§ Assigned task
Write out only the lines from the start of the entries up to and including the line with "dont il porte"; please skip the pictures.

(Extracted records)
++++++
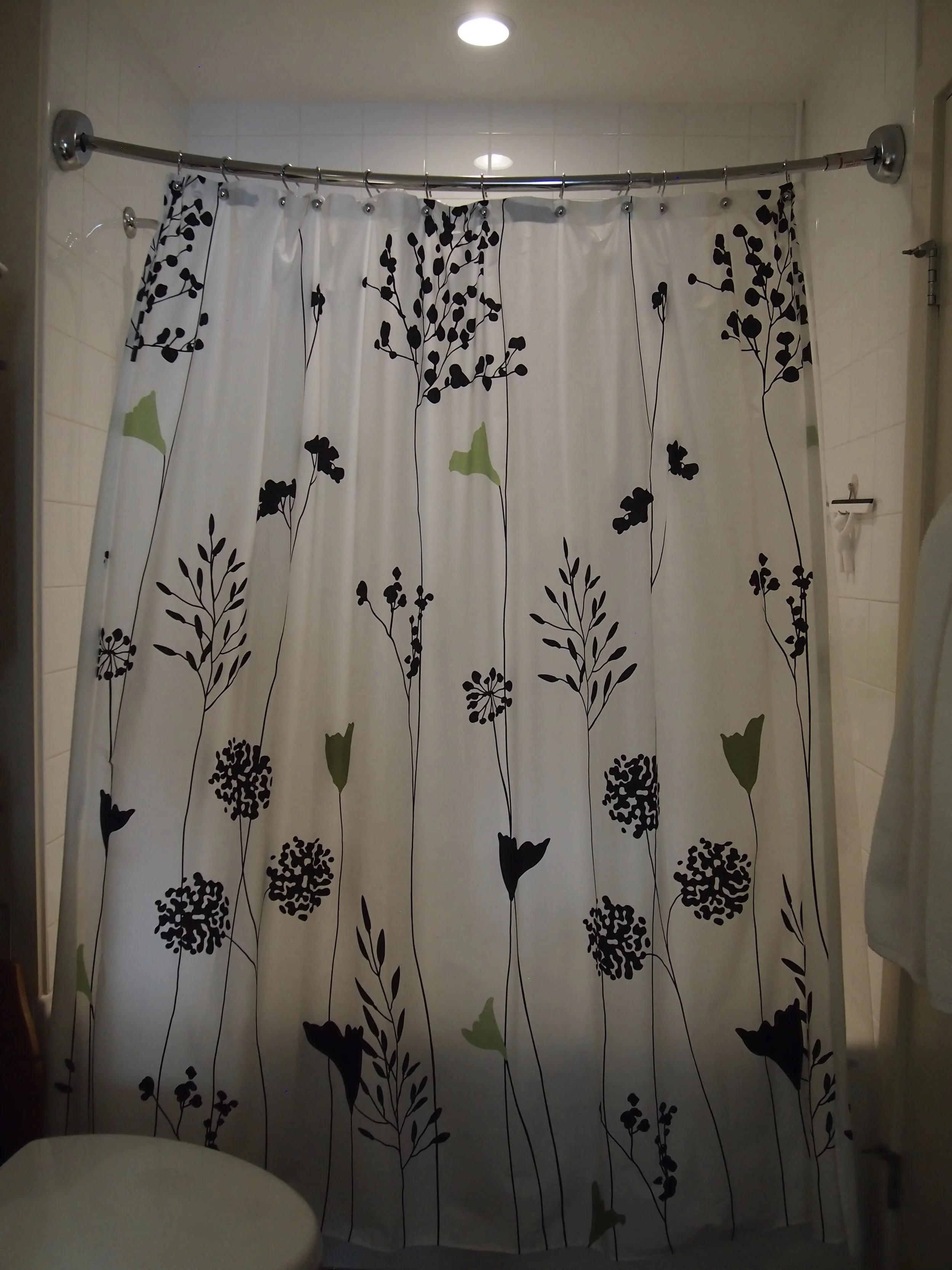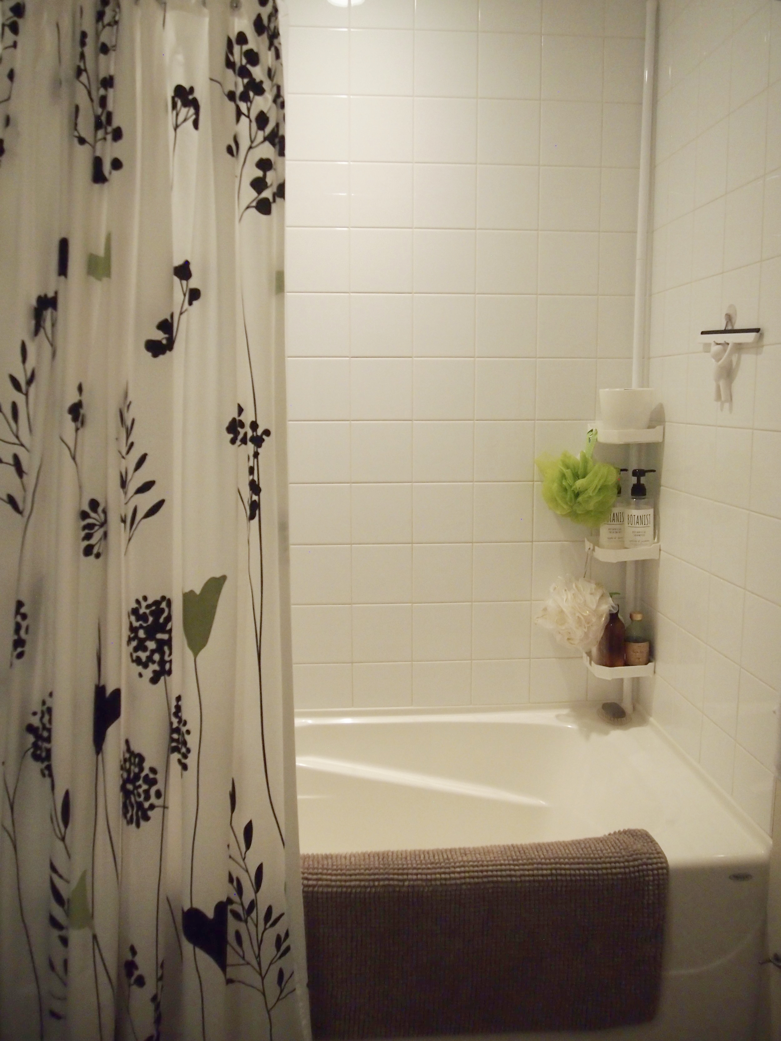 実はこのシャワーカーテンをメインにバスルームのインテリアのコーディネートを考えました。
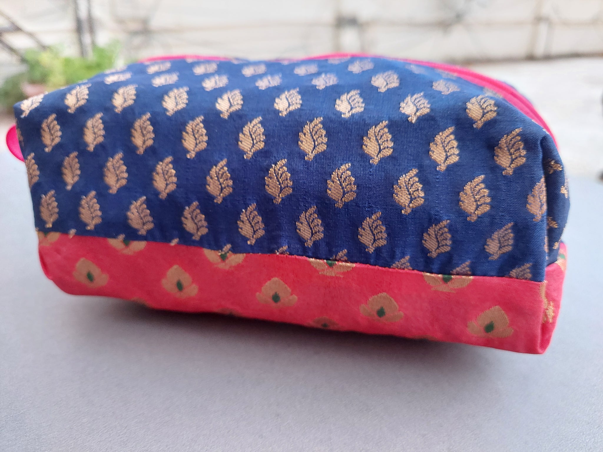 Bridal looking pouch made with pink and blue beneras contrast fabrics. Pouch has one main section.
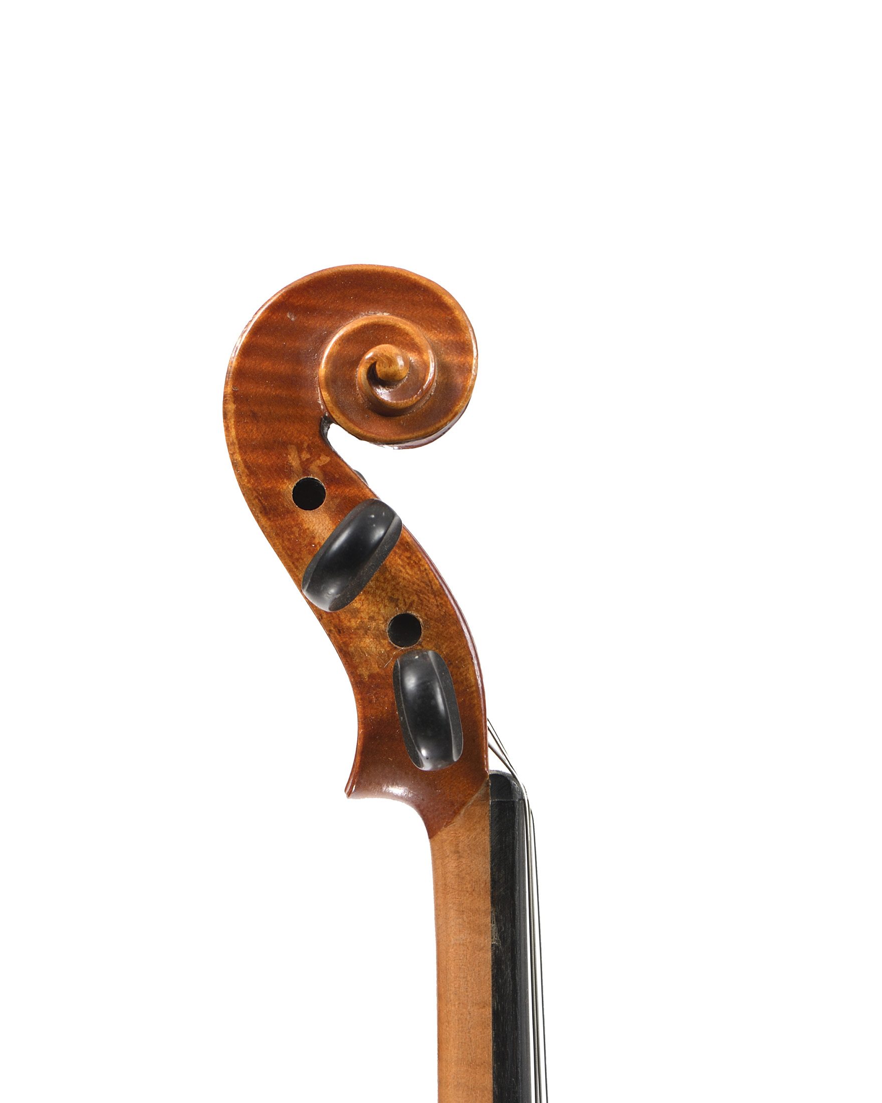 dont il porte l'étiquette " Antonius Stradiavrius... Made in Czechoslovakia.". Fond de deux pièces en érable. Vernis brun orangé sur fond doré. Avec boite et deux archets. 358 mm.
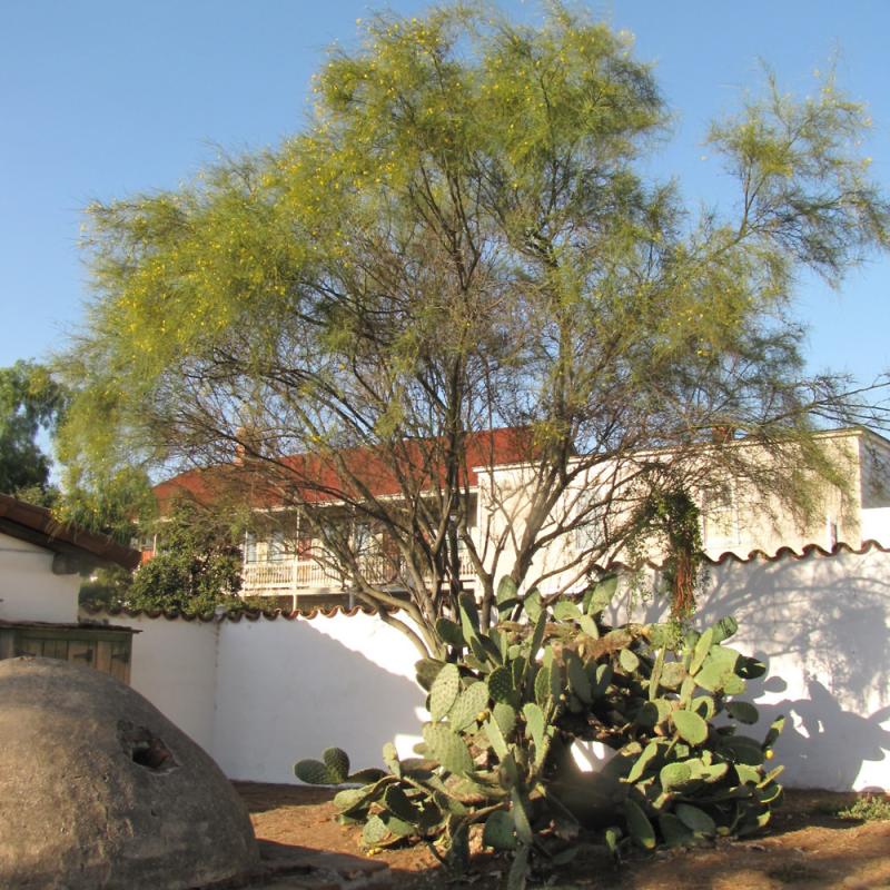 This spiny tree may have single or multiple stems, and can be maintained as a large shrub; deciduous in dry weather; fragrant yellow flowers with orange blotches in spring and fall; a lovely landscape accent for drier climate areas; protect from frost
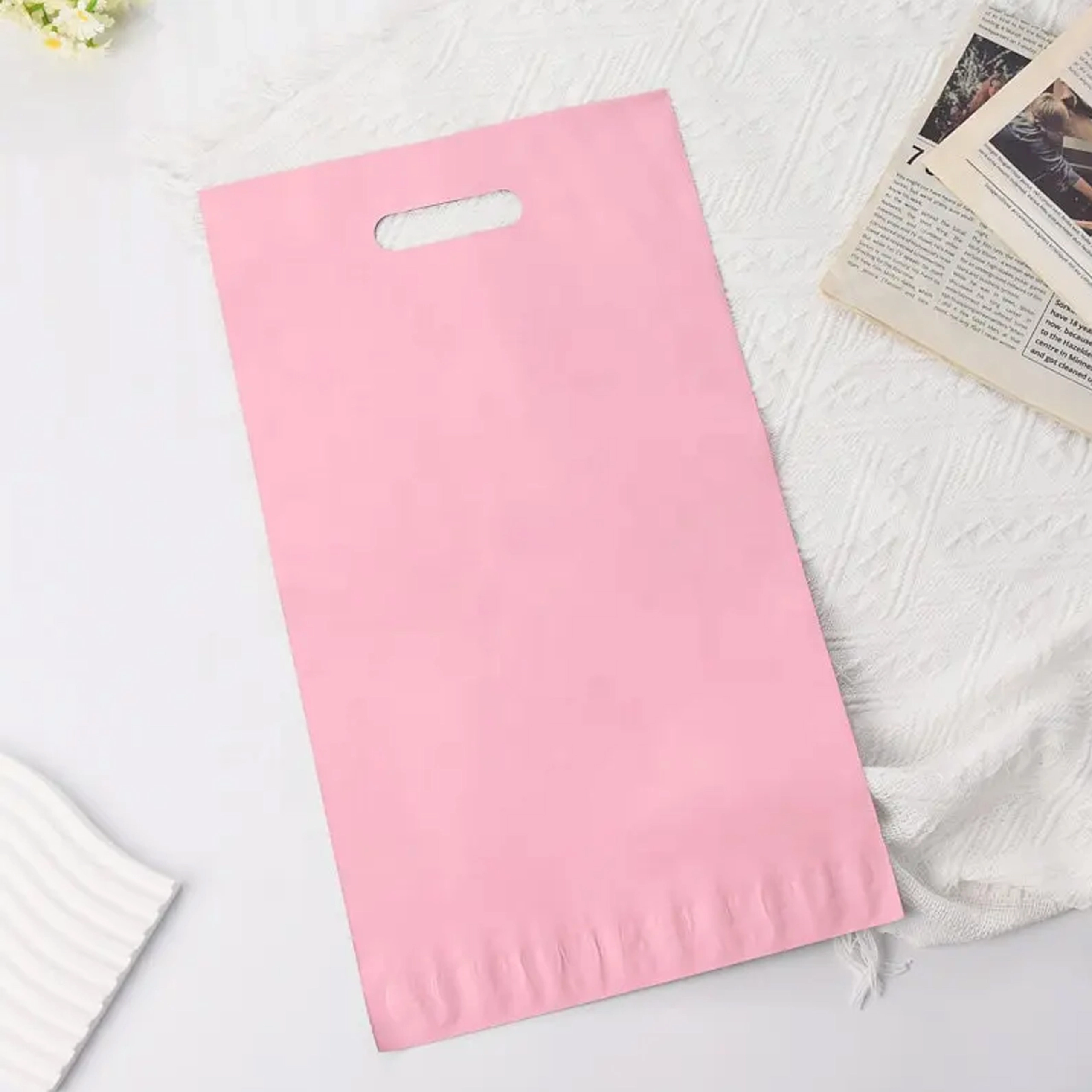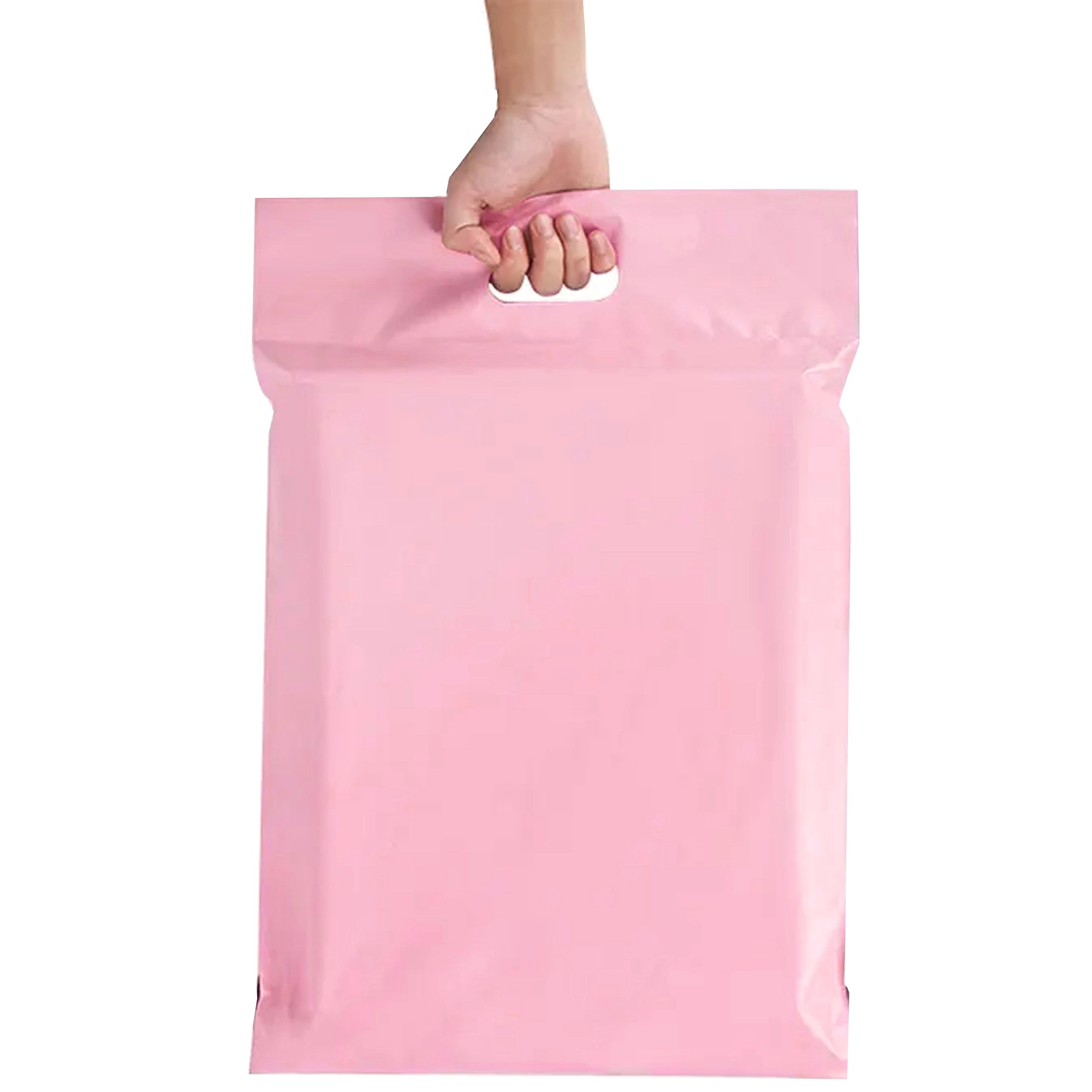 Plicurile sunt realizate din folie LDPE de calitate, rezistentă la rupere, umiditate, praf și murdărie. Datorită mânerului, coletele se transportă comod – practic atât pentru curieri, cât și pentru clienții finali. Culoarea roz ajută la creșterea vizibilității brandului și este potrivită pentru tipărire și personalizare.
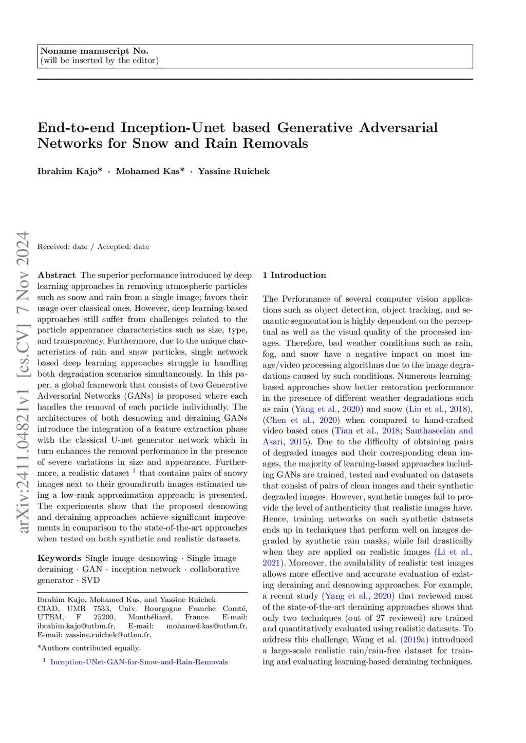 End-to-end Inception-Unet based Generative Adversarial Networks for Snow
++++++
§ Response box
 実はこのシャワーカーテンをメインにバスルームのインテリアのコーディネートを考えました。
 Bridal looking pouch made with pink and blue beneras contrast fabrics. Pouch has one main section.
 dont il porte l'étiquette " Antonius Stradiavrius... Made in Czechoslovakia.". Fond de deux pièces en érable. Vernis brun orangé sur fond doré. Avec boite et deux archets. 358 mm.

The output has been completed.